= Edge Hill railway works =

Railway company in Liverpool

Edge Hill railway works was built by the Liverpool and Manchester Railway around 1830 at Edge Hill, Liverpool. A second was built in 1839 by the Grand Junction Railway adjacent to it.

==Liverpool and Manchester Railway==
The shop initially maintained and repaired the company's existing fleet of thirty six engines, bought in from private makers, twenty seven from Robert Stephenson and Company.

The first locomotive superintendent was John Dixon, followed by John Melling, then in 1840 by John Dewrance. In 1841 four 2-2-2 were built, followed by six more the following year, which also saw the production of 2-4-0 goods engines.

By 1845 some twenty eight engines were built, at which time the L&MR was merged into the Grand Junction, and new building ceased, with the workshop closing in 1847.

==Grand Junction Railway==
Opening in 1839, the first Locomotive Superintendent was Thomas Melling. He was succeeded in 1840 by William Buddicom.

An immediate problem was the frequency of broken crank axles on the inside-cylindered 2-2-2 locomotives from a range of manufacturers. The works produced a new design, either by Buddicom, or his foreman, Alexander Allan, with outside cylinders. The first three were probably rebuilds, "Aeolus", "Tartarus" and "Sunbeam". They became known as the "Old Crewe" type.
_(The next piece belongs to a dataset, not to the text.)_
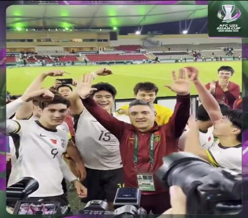 赛后U23亚洲杯官方晒出了U23国足赛后庆祝的视频,视频中球员们将主教练安东尼奥抛向空中,兴奋的球员们在面对摄像头时集体做出庆祝动作,并与国旗合影留念。

In 1841, Francis Trevithick, son of Richard Trevithick took over as Locomotive Superintendent.
The space at Edge Hill limited further expansion. Moreover, the GJR could only enter it over L&MR tracks. Accordingly, in 1843, the GJR decided to move its operations to Crewe, which was roughly halfway along the route. Shortly after this the works closed down, along with Longsight.